In delomast/gRandma: Inference of Grandparentage With Genetic Markers

knitr::opts_chunk$set(
  collapse = TRUE,
  comment = "#>"
)

library(gRandma)

This will walk through an example of estimating error rates for assigning grandparent-grandchild trios and inferring grandparent-grandchild trios.

Setup

First, we make a gmaData object. For details, see the "Load_in_data_and_gmaData_structure" vignette.

# removing loci with no variation in the subset of pops we are going to use
tempData <- data_mh_snp[data_mh_snp$Pop %in% c("Pop_2", "Pop_4"),]
tRem <- c()
for(i in seq(3, ncol(tempData) - 1, 2)) if(length(na.omit(unique(c(tempData[[i]], tempData[[i+1]])))) < 2) tRem <- c(tRem, i)
tempData <- tempData[,-c(tRem, tRem + 1)]
# creating a gmaData object
gData_1 <- createGmaInput(baseline = tempData[tempData$Pop == "Pop_2",], 
                                  mixture = tempData[tempData$Pop == "Pop_4",-1], 
                                  perAlleleError = .005, dropoutProb = .005,
                                          markerType = "microhaps", alleleDistFunc = (function(x) return(1)))

Error rate estimation

False negative error rates

We are first going to estimate false negative error rates. This is the probability that a true grandparent-grandchild trio fails to assign. Here we are testing critical values ($c$ in the manuscript) of $0, 1, 2, ..., 25$.

falseNegative <- falseGrandma(gData_1, relationship = "ssGP", 
                                        llrToTest = seq(0, 25, 1), N = 10000,
                                        seed = 7, errorType = "falseNegative")
falseNegative[[1]][1:10,]

We now have an estimate of false negative error rates for each critical value for our one baseline population.
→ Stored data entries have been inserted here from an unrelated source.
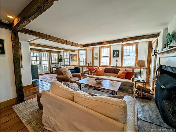 This 3.5 bedroom 1790s farmhouse is a quiet, rural property along a quiet, historic scenic road. It has original beamed ceilings throughout, with a living room centered on a stone hearth including a bread oven and iron details. The house opens onto two lawns and a stone patio, with new outdoor grill. Across one lawn is a vegetable garden, and beyond the back stone wall is a wildflower meander through a field on the property. All rooms are furnished with antiques. Each 2 bedrooms have a full bed, one bedroom has a queen bed and there is an additional single bed in an entertainment room. The main bedroom suite with a queen bed has an adjoining office/tv screen room, and a marble glass shower with Waterworks sink and fixtures. The kitchen has a professional stove, farmhouse sink and soapstone counters. The generous Pool house is nicely furnished and great for entertaining your guests or just enjoying the peace, quiet and privacy. The heated, in-ground pool area is separate from the house and completely private, landscaped with exotic trees, and ancient stone walls, and the pool is furnished with teak steamer lounge chairs.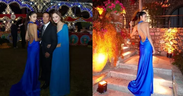 任達華愛女任晴佳自設計晚裝亮相 藍色露背造型驚艷全場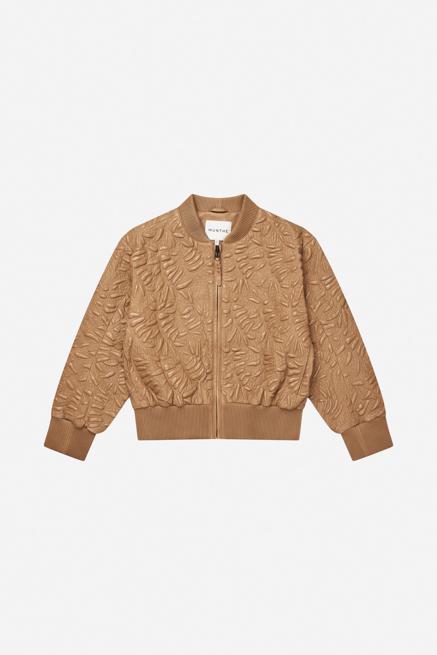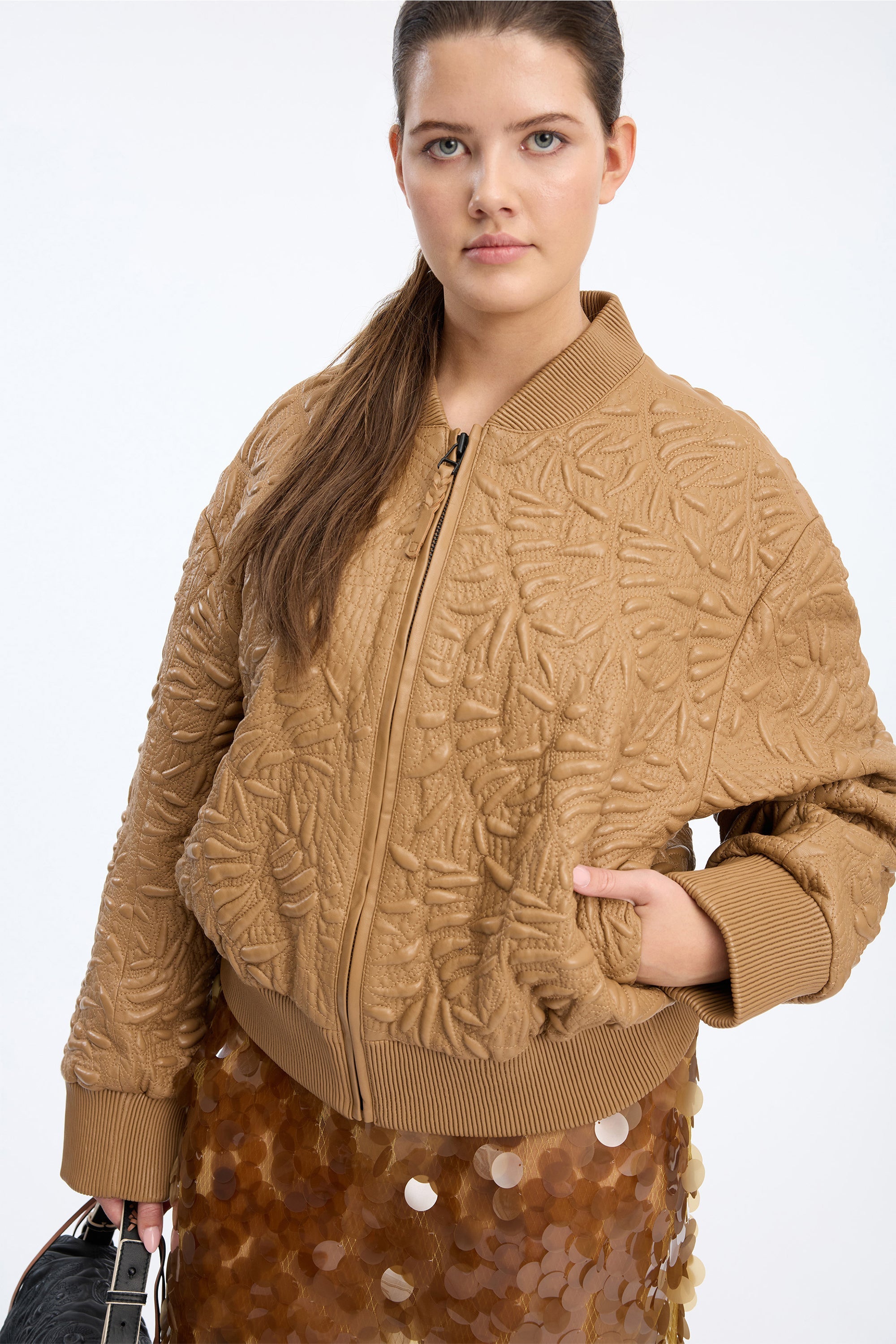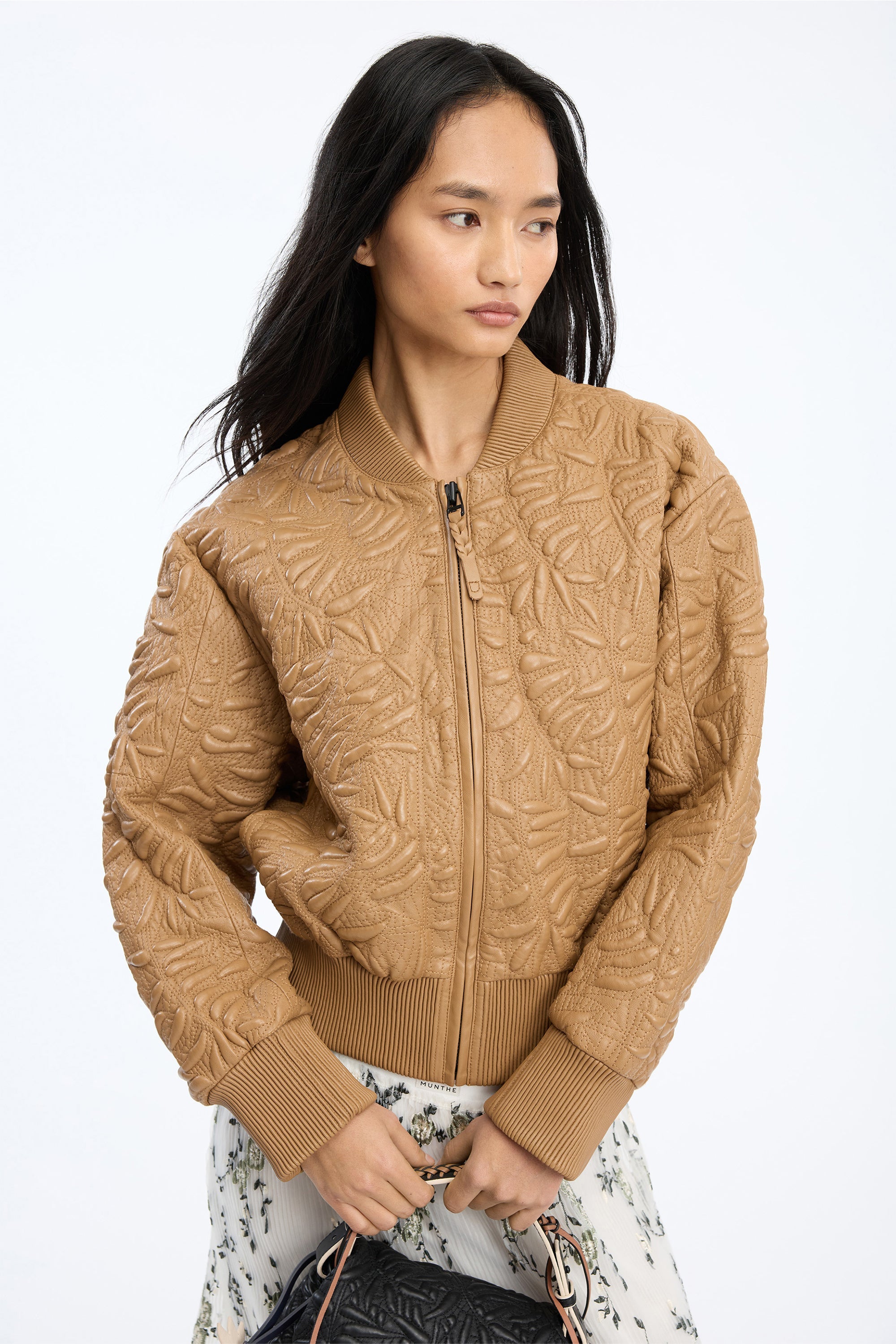 This jacket is crafted from soft leather and in a textured quality with a subtle leaf pattern. Designed in a bomber-inspired silhouette with ribbed trims and a front zip, offering a relaxed yet refined look.
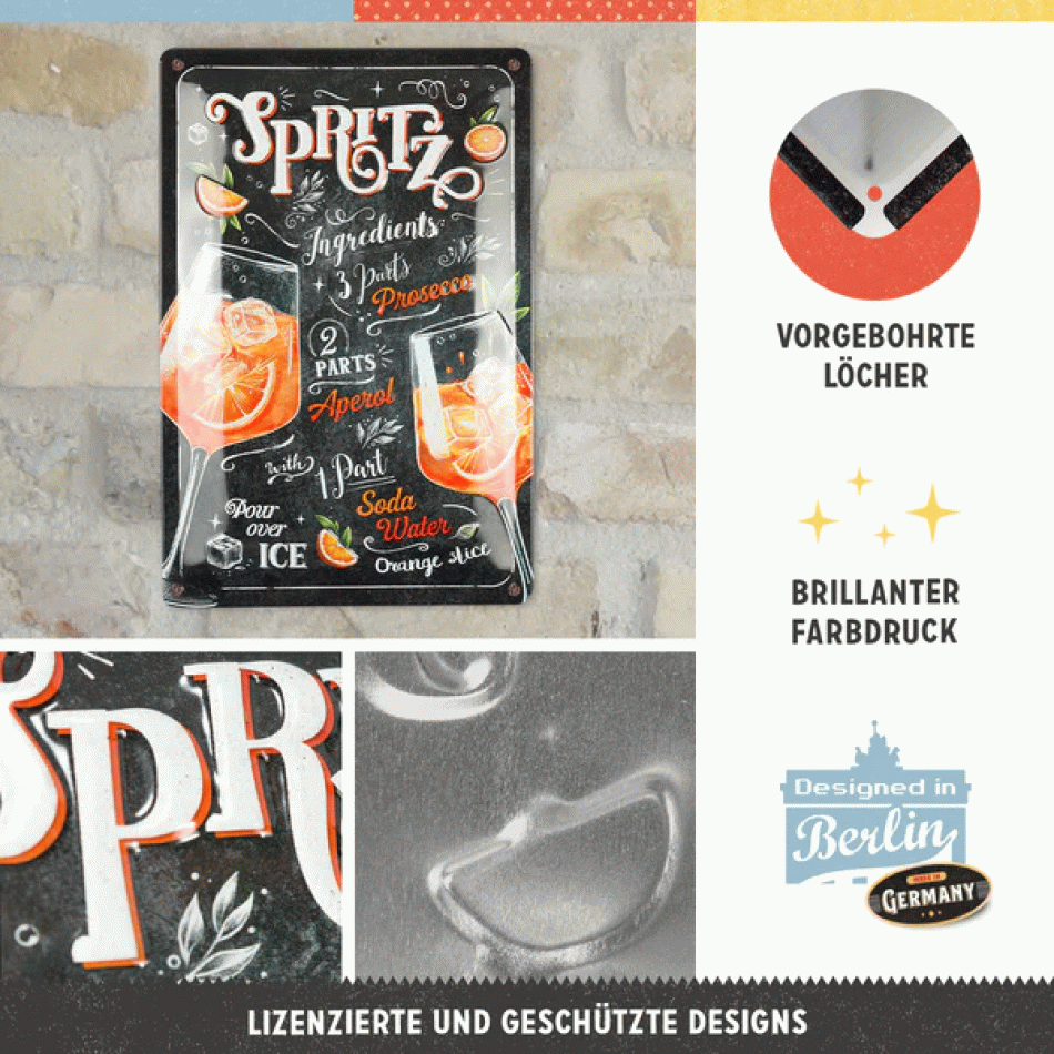 - Добавете ретро чар към вашия дом с металната табела Аперол Шприц от Nostalgic Art. С размери 20x30 см, тази висококачествена табела е изработена от здрава ламарина и е идеална за кухнята, бара или всекидневната. Ярките цветове и винтидж дизайн създават усещане за носталгия и стил. Табелата е част от колекцията "Open Bar" и е перфектен подарък за любителите на класическия италиански коктейл. Лесна за монтаж, тя придава уникален акцент на всяко пространство.
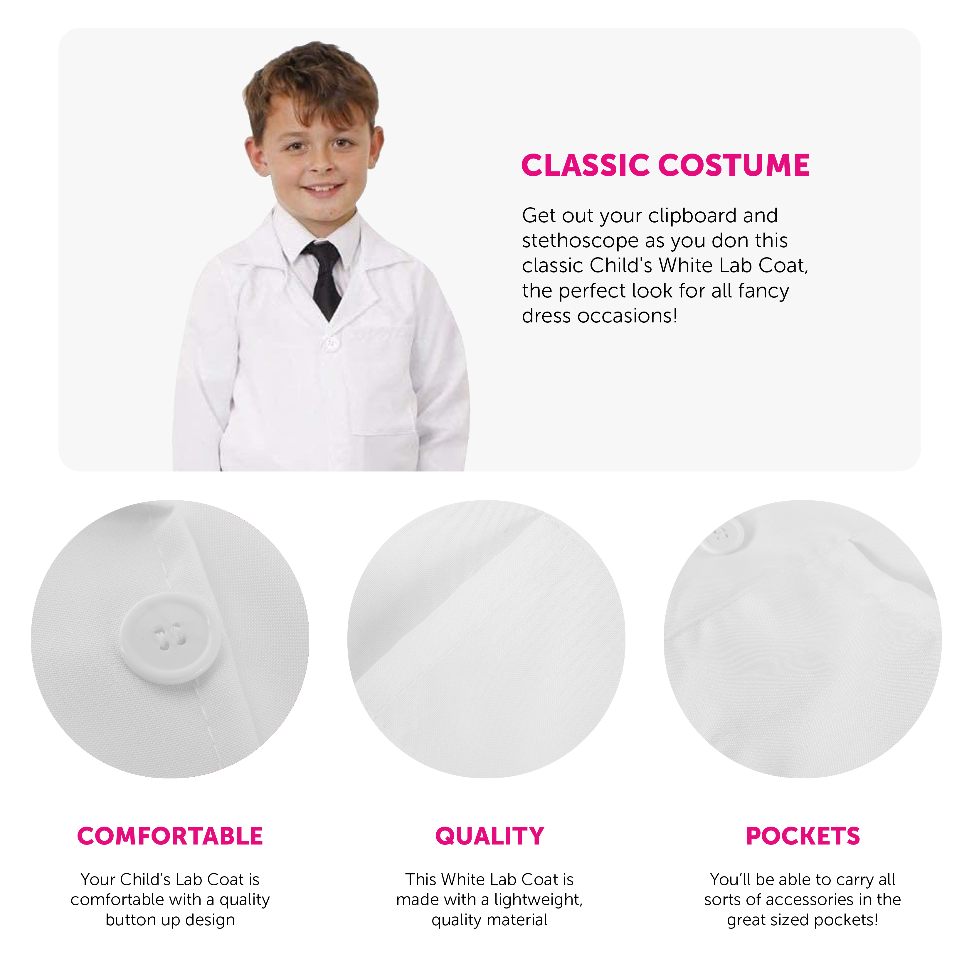 CHILDS WHITE LAB COAT COSTUME: Get out your clipboard and stethoscope as you don this classic Child's White Lab Coat, the perfect look for all fancy dress occasions!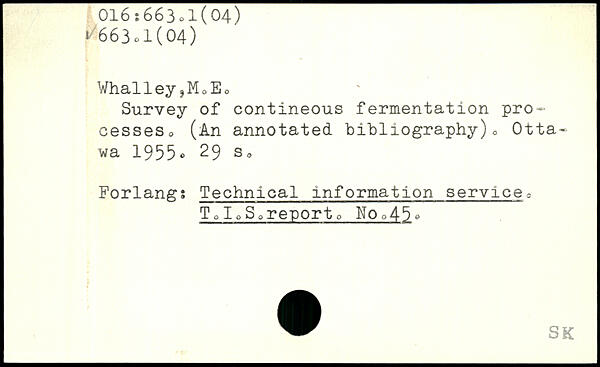 Survey of contineous fermentation processes 0 (An annotated bibliography)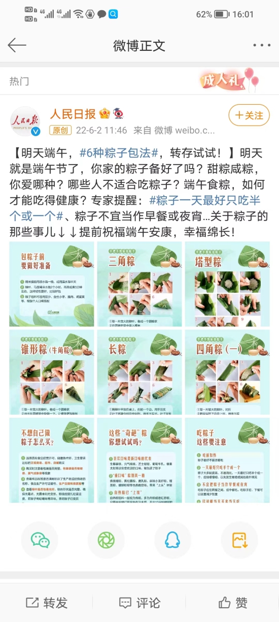 明天就是端午节了,您家的粽子备好了吗?端午食粽,如何才能吃得健康?这不,《人民日报》的一则关于“如何吃粽子”的微博冲上了热搜:专家提醒:#粽子一天最好只吃半个或一个#、粽子不宜当作早餐或夜宵……

False positive error rates

Let's first consider false positive error rates for unrelated trios. We can estimate these rates by importance sampling, here running 10,000 iterations (you should run more), and testing critical values from 0 to 9.

falsePos1 <- falseGrandma(gData_1, relationship = "ssGP", 
                                        llrToTest = seq(0, 9, 1), N = 10000,
                                        seed = 7, errorType = "Unrel", method = "IS")
falsePos1[[1]]

We now have false positive estimates. When false positive error rates are computed by importance sampling, it is computationally almost free to also calculate false negative rates, so they are also reported. We can see that this panel is not very powerful, with our false positive error rate on the order of $10^{-6}$ with the false negative rate approaching $0.05$.

We can also calculate these error rates by stratified sampling. We will run 1,000 iterations in each stratum. This is too few, but we will use it here because it is quick to build the vignette and because it will allow us to demonstrate the main drawback of the stratified sampling approach. If you wanted, you could use a different number of iterations in each stratum to target computational effort. The input, rep(1000, 10), tells it to run 1000 iterations in the first 10 strata (number of MIs from 0 - 9). We know from the false negative output above that it is only going to consider 0 - 4 MIs, so the function will stop after 4. Giving a number of iterations for extra strata is ok, but it will throw an error if you give too few.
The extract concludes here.